* Problem to solve: Would you repeat word for word the lines of the listing that follows, from the one with "FAX 922-4036 Eメール" up to and including the one with "Visite du site", and leave out the images?

* Data for processing:
'''

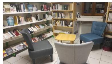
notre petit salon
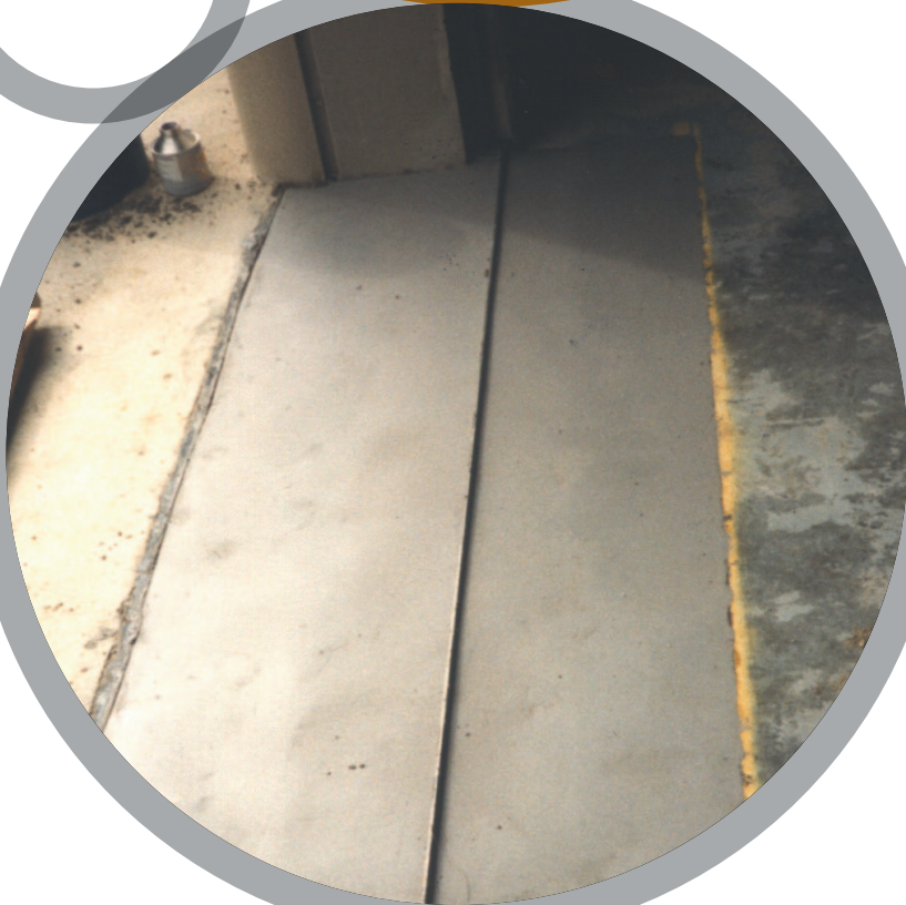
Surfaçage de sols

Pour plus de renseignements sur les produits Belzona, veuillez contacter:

'''
'''

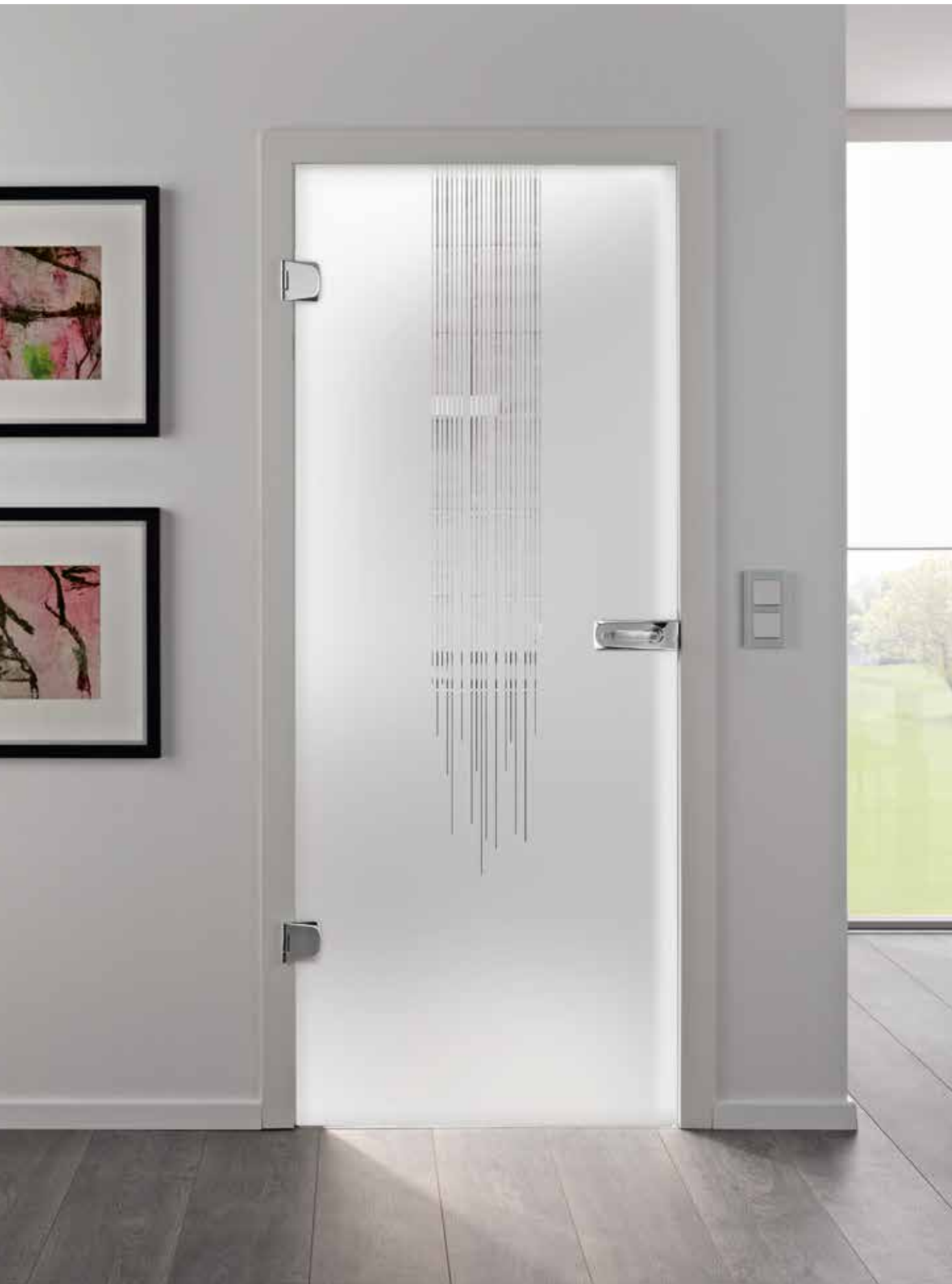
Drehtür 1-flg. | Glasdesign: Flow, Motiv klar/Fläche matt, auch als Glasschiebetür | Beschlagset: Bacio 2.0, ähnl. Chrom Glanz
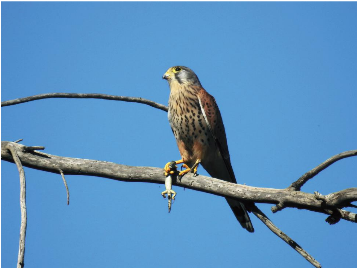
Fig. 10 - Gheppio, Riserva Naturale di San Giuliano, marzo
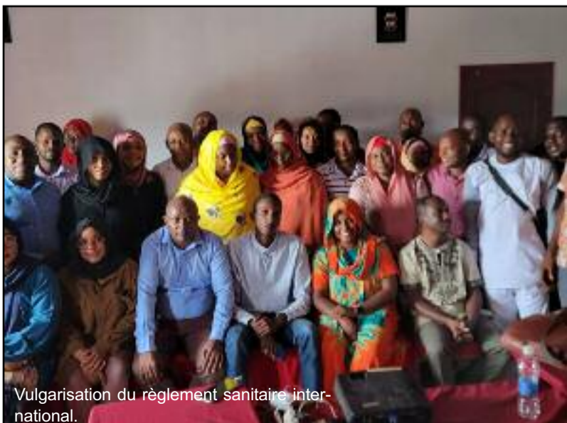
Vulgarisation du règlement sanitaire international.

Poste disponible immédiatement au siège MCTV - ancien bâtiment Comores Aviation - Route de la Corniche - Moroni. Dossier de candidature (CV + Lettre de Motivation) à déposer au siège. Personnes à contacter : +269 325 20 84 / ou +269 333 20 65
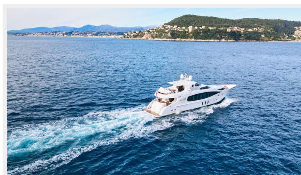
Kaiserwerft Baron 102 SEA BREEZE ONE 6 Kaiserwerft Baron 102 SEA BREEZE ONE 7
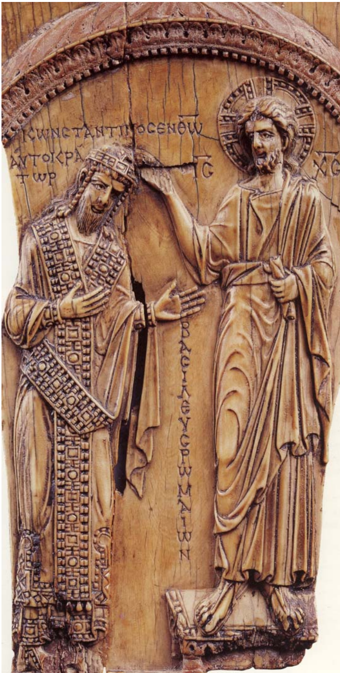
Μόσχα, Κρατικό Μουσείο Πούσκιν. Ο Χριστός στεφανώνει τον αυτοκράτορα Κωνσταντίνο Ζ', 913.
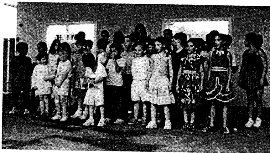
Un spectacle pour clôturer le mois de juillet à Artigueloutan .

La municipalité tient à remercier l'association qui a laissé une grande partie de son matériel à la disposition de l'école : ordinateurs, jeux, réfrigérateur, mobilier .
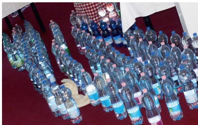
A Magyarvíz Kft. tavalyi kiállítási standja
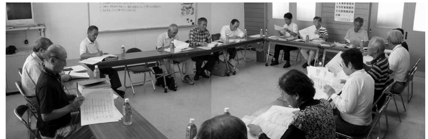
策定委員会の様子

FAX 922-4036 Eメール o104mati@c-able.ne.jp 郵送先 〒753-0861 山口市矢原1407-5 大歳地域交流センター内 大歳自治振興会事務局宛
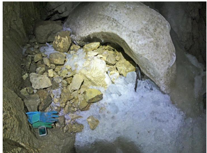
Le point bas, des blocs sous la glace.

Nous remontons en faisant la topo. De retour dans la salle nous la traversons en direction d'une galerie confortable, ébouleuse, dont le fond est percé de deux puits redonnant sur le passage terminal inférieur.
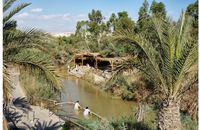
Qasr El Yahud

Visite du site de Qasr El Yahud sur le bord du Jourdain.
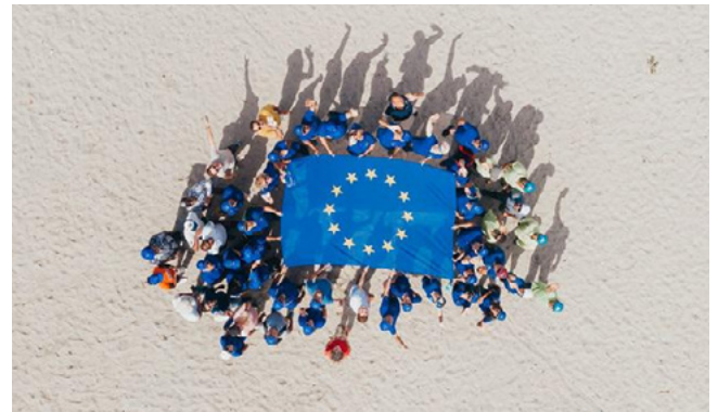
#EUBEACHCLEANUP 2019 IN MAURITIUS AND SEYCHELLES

'''

* Response to the exercise:
FAX 922-4036 Eメール o104mati@c-able.ne.jp 郵送先 〒753-0861 山口市矢原1407-5 大歳地域交流センター内 大歳自治振興会事務局宛
Le point bas, des blocs sous la glace.

Nous remontons en faisant la topo. De retour dans la salle nous la traversons en direction d'une galerie confortable, ébouleuse, dont le fond est percé de deux puits redonnant sur le passage terminal inférieur.
Qasr El Yahud

Visite du site de Qasr El Yahud sur le bord du Jourdain.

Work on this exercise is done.